If you submit the same ingestion request while one is already processing, you will receive:
```json
{"error": "This exact request is already processing (started Xs ago).
           Please wait for the current operation to complete.",
 "status": "duplicate_request"}
```

This prevents data corruption from concurrent identical operations. **If you see this error:**
1. **WAIT** - The original request is still processing on the server
2. **DO NOT retry immediately** - You'll get the same duplicate error
3. **Verify completion** using `list_documents(collection_name, include_details=True)`
4. **Only retry** after confirming the original request completed or failed

**Why this matters:** After a timeout, some MCP bridges (like OpenAI's) automatically retry with a new session.

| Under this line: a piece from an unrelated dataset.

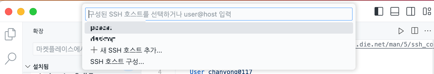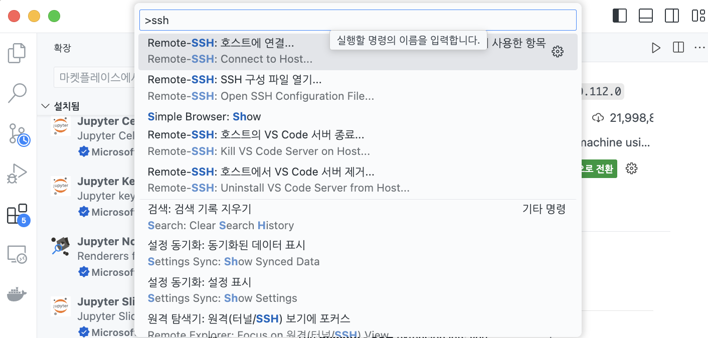 검색창에서 ctrl + shift + p를 누른 뒤 ssh를 입력하거나 >ssh를 입력하고 '호스트에 연결'을 클릭합니다.

The duplicate protection catches this and prevents double-ingestion, which would corrupt your knowledge base with redundant data.

**Query operations are FREE:**
- `search_documents`
- `query_relationships`
- `query_temporal`
- All list/view operations

**Best practices for efficiency:**
- Let automatic duplicate detection catch duplicates (see #3)
- Use mode='reingest' for updated content (complete replacement)
- Use `update_document()` only for minor edits (in-place updates)
- Analyze large ingests before proceeding (see #3)
- Use reingest mode for website updates (see #3)

---

## 6. COMMON PATTERNS

**Documentation Ingestion (Single Section):**
```
1. analyze_website(url) - understand scope and structure
2. Review total_urls and pattern_stats
3. create_collection(name, domain, description) - organize by source
4. ingest_url(url, follow_links=True, max_pages=20)
5. get_collection_info(name) - verify completion
```

**Documentation Ingestion (Multiple Sections):**
```
1. analyze_website("https://docs.example.com") - understand site structure
   → Shows: /api (45 pages), /guides (30 pages), /reference (25 pages)
2. create_collection(name, domain, description)

# Execute multiple targeted ingests based on pattern analysis
3. ingest_url("https://docs.example.com/api", follow_links=True, max_pages=20)
4. ingest_url("https://docs.example.com/guides", follow_links=True, max_pages=20)
5. ingest_url("https://docs.example.com/reference", follow_links=True, max_pages=20)

# Each ingest is independent - plan based on pattern_stats from analyze_website()
```

**Research Query:**
```
1. search_documents(query, collection) - find relevant content
2. query_relationships(query, collection) - find connections
3. Synthesize findings from both sources
```

**Maintenance:**
```
1. list_documents(collection) - identify stale docs
2. Refresh changed content:
   - For websites: ingest_url(url, mode="reingest")
   - For files: ingest_file(path, mode="reingest")
   - For text: ingest_text(content, mode="reingest")
   - For minor edits: update_document(id, content/metadata)
```

---

## 7. KEY IMPERATIVES

- **MUST** review collections before ingesting (see #1)
- **MUST** use full questions for search, not keywords (see #2)
- **MUST** use mode='reingest' to update existing content (automatic duplicate detection will guide you) (see #3)
- **MUST** run analyze_website() before multi-page ingests (see #3)
- **MUST** limit max_pages to 20 per ingest for large sites
- **SHOULD** present scope to user for large operations and get confirmation
- **SHOULD** use mode='reingest' for content updates instead of delete+ingest (see #3)
- **SHOULD** combine semantic + relationship queries for comprehensive research (see #4)
- **SHOULD** use pattern_stats from analyze_website() to plan targeted ingests

**For tool-specific details:** See individual tool docstrings.